| What to work on |
Copy out exactly the lines spanning the line with "[세종타임즈] 한국관광공사와 일본" to the line with "Das Aussehen von", inclusive, from the data underneath, with no pictures.

| Exercise input |
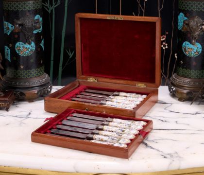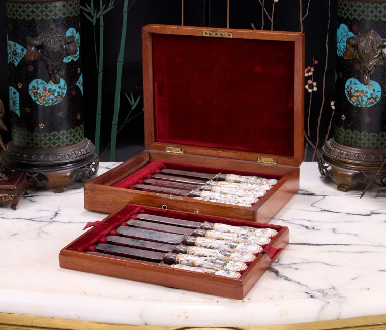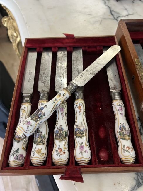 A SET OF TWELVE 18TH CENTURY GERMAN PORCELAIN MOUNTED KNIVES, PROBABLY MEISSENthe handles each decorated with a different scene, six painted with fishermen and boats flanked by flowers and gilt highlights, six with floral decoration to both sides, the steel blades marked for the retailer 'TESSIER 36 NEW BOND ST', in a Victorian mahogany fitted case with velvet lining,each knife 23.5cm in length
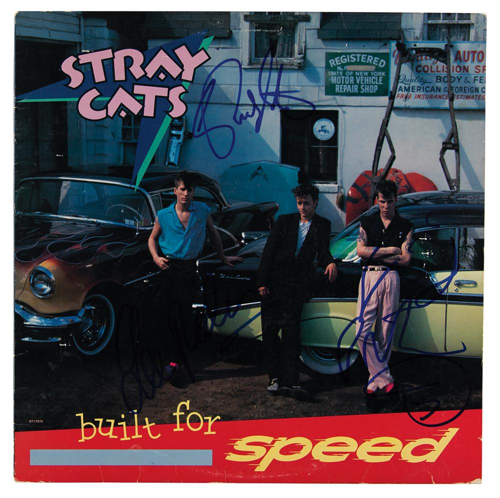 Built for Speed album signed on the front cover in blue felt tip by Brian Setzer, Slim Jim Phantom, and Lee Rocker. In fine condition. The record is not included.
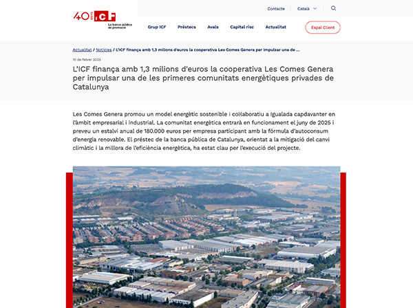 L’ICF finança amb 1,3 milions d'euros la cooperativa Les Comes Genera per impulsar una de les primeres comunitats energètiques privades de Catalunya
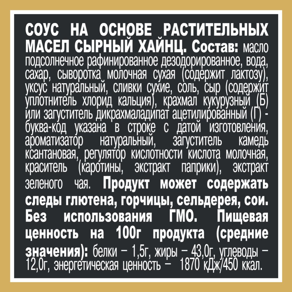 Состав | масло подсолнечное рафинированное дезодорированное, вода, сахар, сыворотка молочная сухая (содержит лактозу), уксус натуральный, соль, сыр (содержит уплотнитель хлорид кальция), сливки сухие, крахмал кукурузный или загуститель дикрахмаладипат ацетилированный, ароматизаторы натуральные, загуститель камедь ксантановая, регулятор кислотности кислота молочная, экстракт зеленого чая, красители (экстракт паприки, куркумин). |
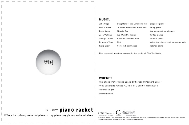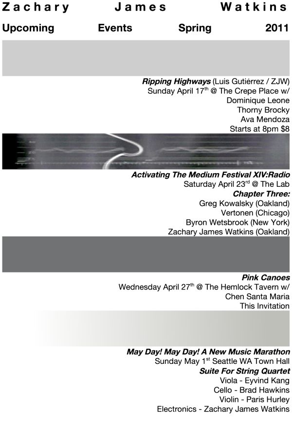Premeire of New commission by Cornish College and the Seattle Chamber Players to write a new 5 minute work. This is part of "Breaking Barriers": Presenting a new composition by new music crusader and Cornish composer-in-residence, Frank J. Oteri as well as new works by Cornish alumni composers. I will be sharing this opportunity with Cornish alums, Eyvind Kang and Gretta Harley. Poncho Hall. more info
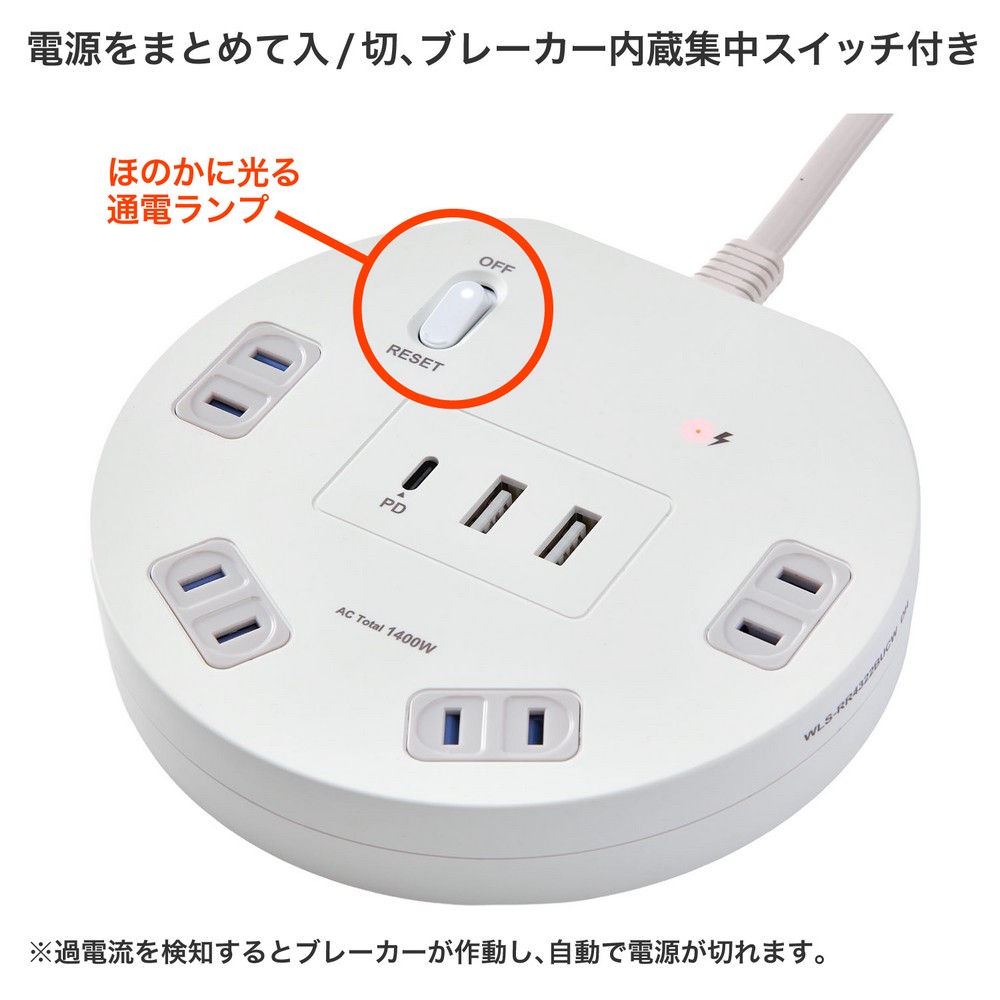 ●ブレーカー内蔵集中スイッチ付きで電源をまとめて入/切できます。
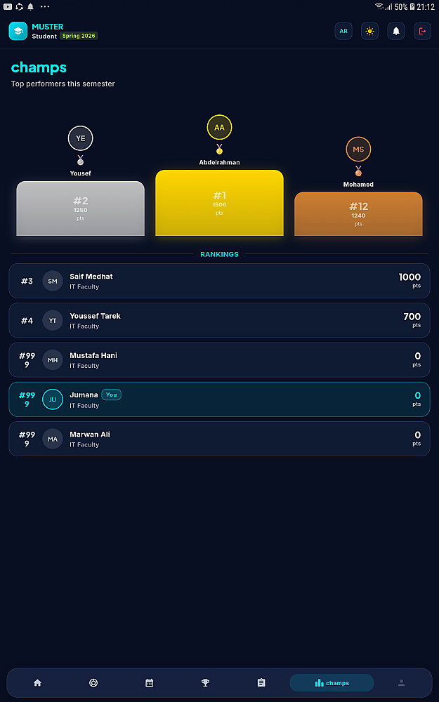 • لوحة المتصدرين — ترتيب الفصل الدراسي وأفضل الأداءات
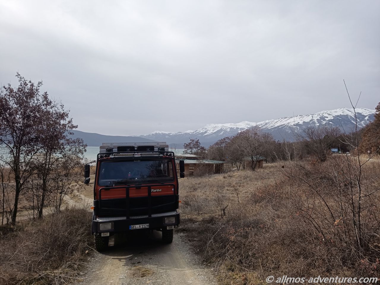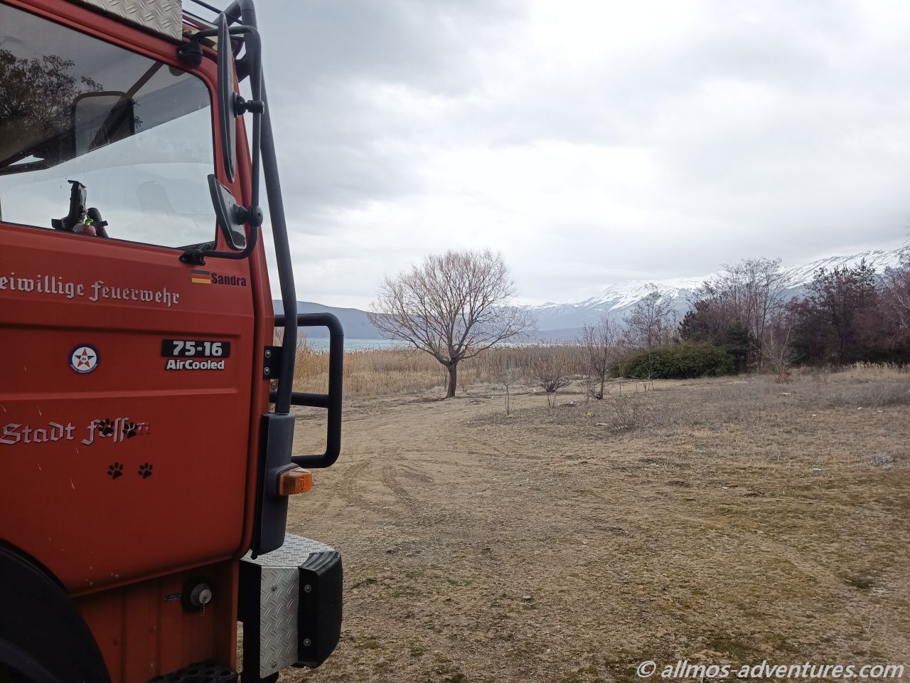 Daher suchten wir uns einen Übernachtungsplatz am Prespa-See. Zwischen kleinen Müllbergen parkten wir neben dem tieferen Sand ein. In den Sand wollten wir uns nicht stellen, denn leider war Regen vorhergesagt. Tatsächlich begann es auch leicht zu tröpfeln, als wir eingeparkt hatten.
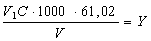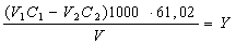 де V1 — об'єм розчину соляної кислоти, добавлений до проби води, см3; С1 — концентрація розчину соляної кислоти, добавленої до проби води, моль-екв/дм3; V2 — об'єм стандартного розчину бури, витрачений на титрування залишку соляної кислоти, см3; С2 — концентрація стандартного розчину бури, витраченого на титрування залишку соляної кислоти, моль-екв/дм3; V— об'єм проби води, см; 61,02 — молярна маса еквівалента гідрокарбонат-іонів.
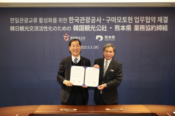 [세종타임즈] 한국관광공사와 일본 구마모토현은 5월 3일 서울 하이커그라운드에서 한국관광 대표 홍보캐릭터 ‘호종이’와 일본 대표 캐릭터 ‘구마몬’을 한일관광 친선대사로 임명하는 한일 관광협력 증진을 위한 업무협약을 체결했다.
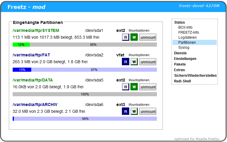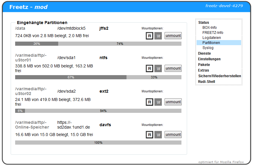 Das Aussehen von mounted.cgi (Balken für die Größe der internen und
* * *
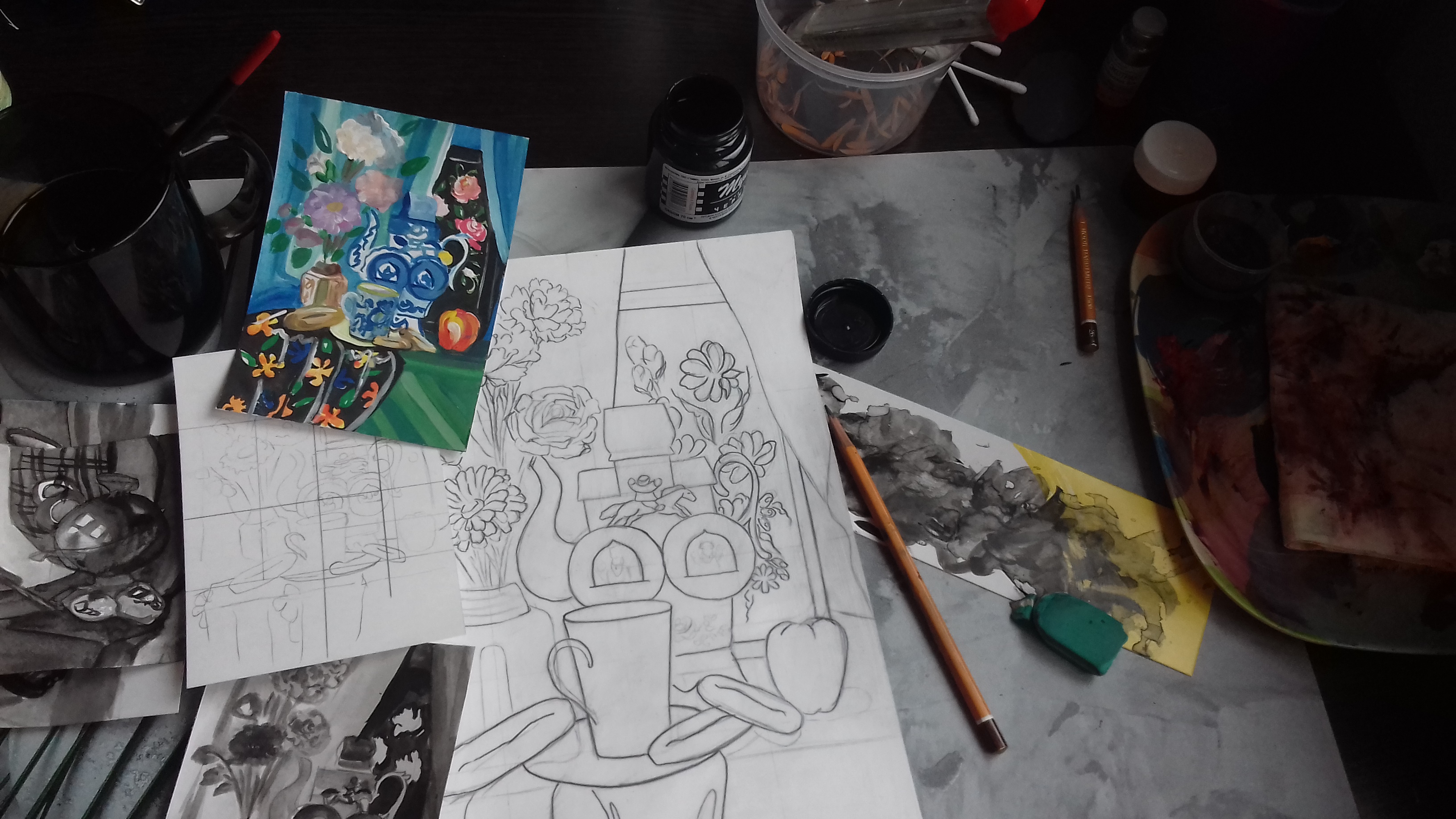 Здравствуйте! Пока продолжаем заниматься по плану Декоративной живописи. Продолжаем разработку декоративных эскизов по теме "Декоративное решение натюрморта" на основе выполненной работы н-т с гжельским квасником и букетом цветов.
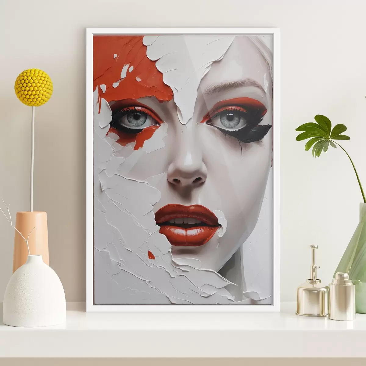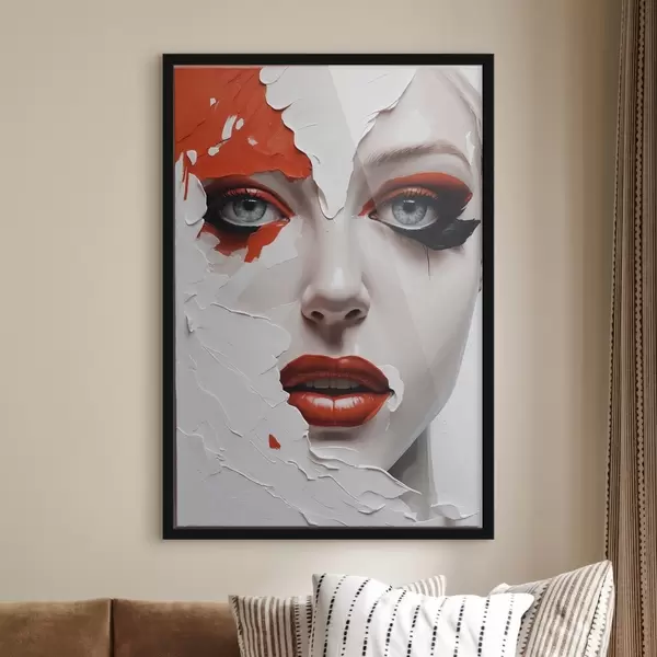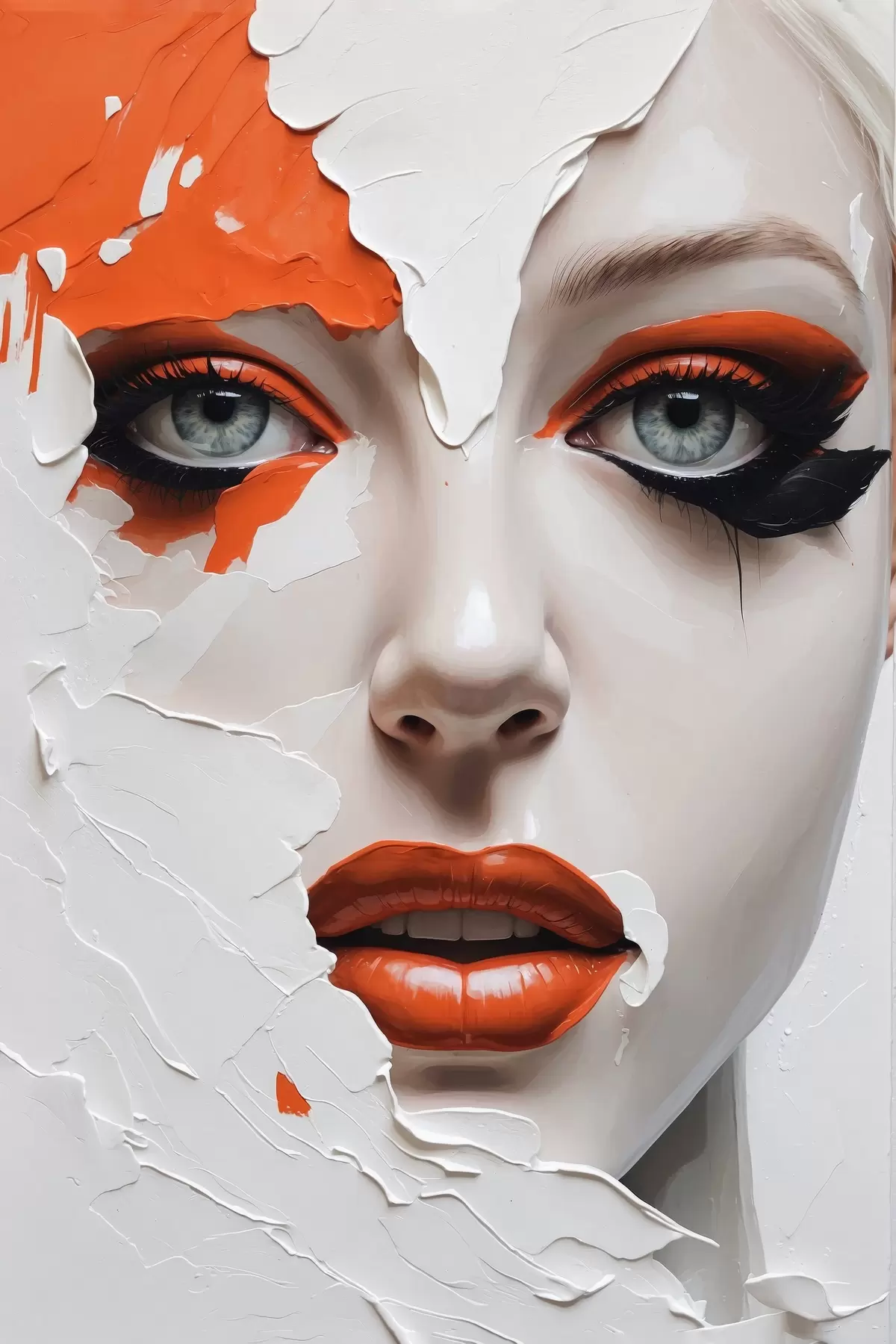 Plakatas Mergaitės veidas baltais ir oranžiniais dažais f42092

| Solution for this exercise |
 [세종타임즈] 한국관광공사와 일본 구마모토현은 5월 3일 서울 하이커그라운드에서 한국관광 대표 홍보캐릭터 ‘호종이’와 일본 대표 캐릭터 ‘구마몬’을 한일관광 친선대사로 임명하는 한일 관광협력 증진을 위한 업무협약을 체결했다.
 Das Aussehen von mounted.cgi (Balken für die Größe der internen und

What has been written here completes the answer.